You will not be - nor could you ever be - champions of any "reason of State". Although the Church is present in the symphony of nations, she pursues only one concern:  to make herself the echo of God's Word in the world in the defence and protection of the human person.

4. The values of all time defended by papal diplomacy focus mainly on the exercise of religious freedom and the safeguard of the Church's rights. Such themes continue to be up to date, even in our day, and at the same time, the Papal Representative's attention is also increasingly focused, especially in the international forums, on other human and social questions of great moral importance. The most urgent task today is the defence of the human person and of the image of God that is in him. You are called to be messengers of the human values whose source is the Gospel, according to which every person is a brother to respect and love.

During the 20th century, there were undeniable scientific and technical achievements in the world in which you will carry out your mission. But from the ethical viewpoint, this world has many worrying aspects, exposed as it is to the temptation to manipulate everything, including the human person. In your action, you must uphold the dignity of the human being whose nature, through the Incarnation of the Son of God, has been raised to a dignity beyond compare (cf. Gaudium et Spes, n. 22).

Like Simon Peter, like Thomas called the Twin, Nathanael and the sons of Zebedee, and two others of his disciples exhausted by a night in which "they had caught nothing" (cf. Jn 21,3), you too will sometimes be overwhelmed by dejection. Do not give into the temptation of the devil. Rather, draw close to the risen Christ and experience, and make others deeply experience, the power that comes from his own definition of himself:  "I am the Alpha and the Omega, the Beginning and the End" (Apoc 21,6). Sustained by the strength that emanates from him, you too will have an abundant catch, guiding many other human beings in their search for truth and goodness. It will be enough for you to be faithful to the Gospel, without the slightest hesitation; this will be the way to offer others the opportunity to know the breadth, the length, the height and the depth of Christ's love (cf. Eph 3,18).

5. In the Letter which I wrote at the end of the Holy Year, I echoed Christ's words to Peter:  Duc in altum! I also extend this invitation to you, who will shortly have to leave Rome for the world, the Urbe for the Orbe. The world that awaits you is thirsting for God even when it is not aware of it. Recalling the Apostle Philip's meeting with some Greeks, I myself wrote that "like those pilgrims of 2,000 years ago, the men of our own day - often perhaps unconsciously - ask believers not only to "speak' of Christ, but in a certain sense to "show' him to them" (Novo Millennio ineunte, n. 16).

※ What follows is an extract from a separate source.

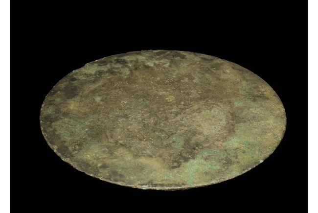 The decorated side of mirror features Chinese inscriptions, patterns, and mythical beasts, all surrounding the large center string knob. The inscription is on the outer edge of mirror, some parts slightly worn out. Song Dynasty period.
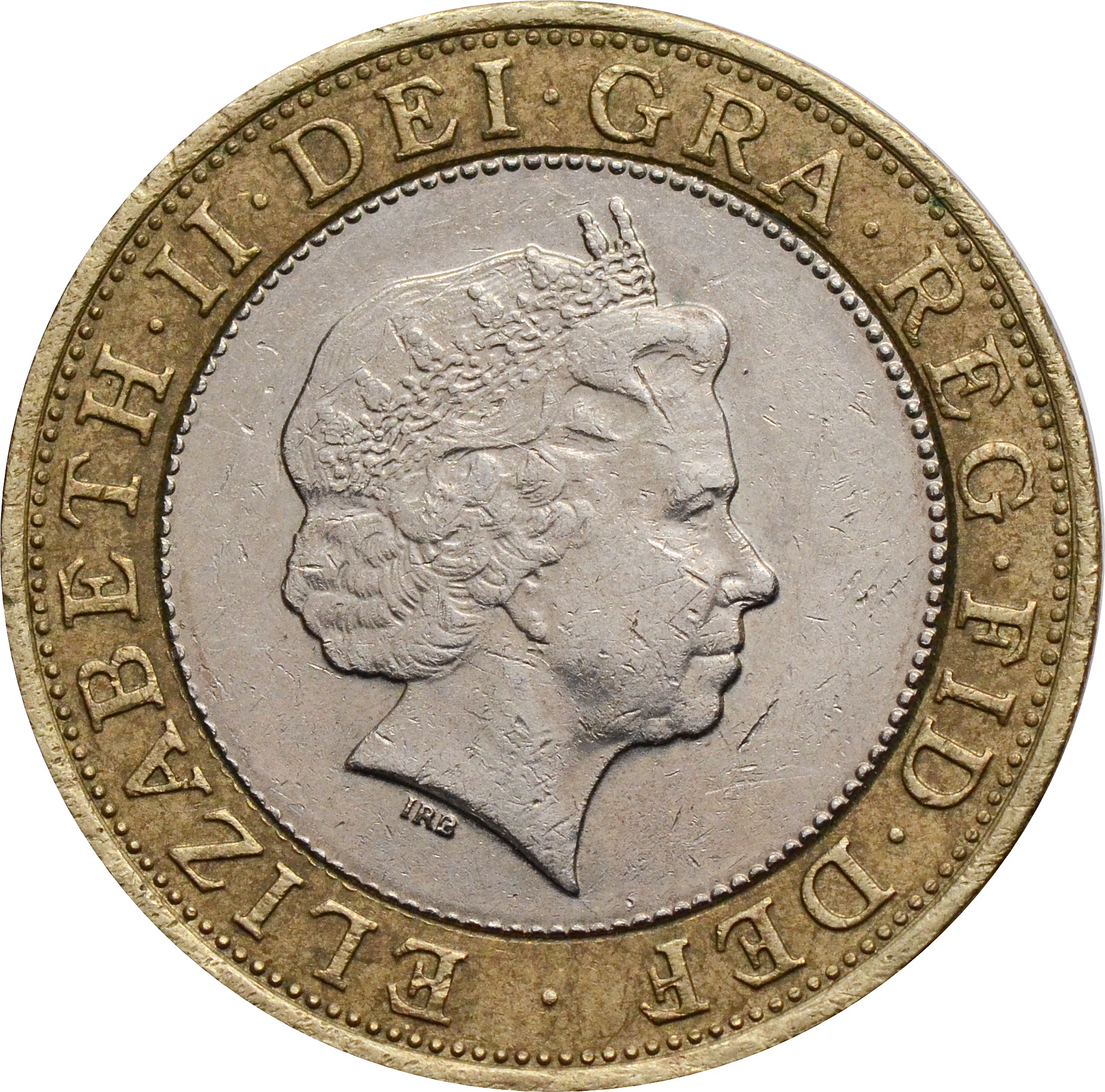 Реверс: по центру узоры. Вдоль канта указан номинал: "TWO POUNDS" с годом чеканки: "2003".

Others must "make Christ visible" in a parish or among a group of young people, in an industrial neighbourhood or among society's outcasts. You must "make him visible" in your contact with political and diplomatic circles; you will succeed in doing this with your life witness rather than with the force of juridical or diplomatic arguments. You will be effective to the extent that those who approach you will feel that they are discovering the liberating presence of the risen Christ in your words, in your attitude, and in your life.

In the future you will be traveling the highways of the world: always remember that you are at the service of the Successor of Peter and in a creative dialogue with the Pastors of the particular Churches in the countries where you are sent to carry out your mission. Take Christ with you. May Mary help you live his thoughts and sentiments intensely (cf. Phil 2,5-11). May my affectionate Blessing accompany you!


*L'Osservatore Romano. Weekly Edition in English n. 24 p.12.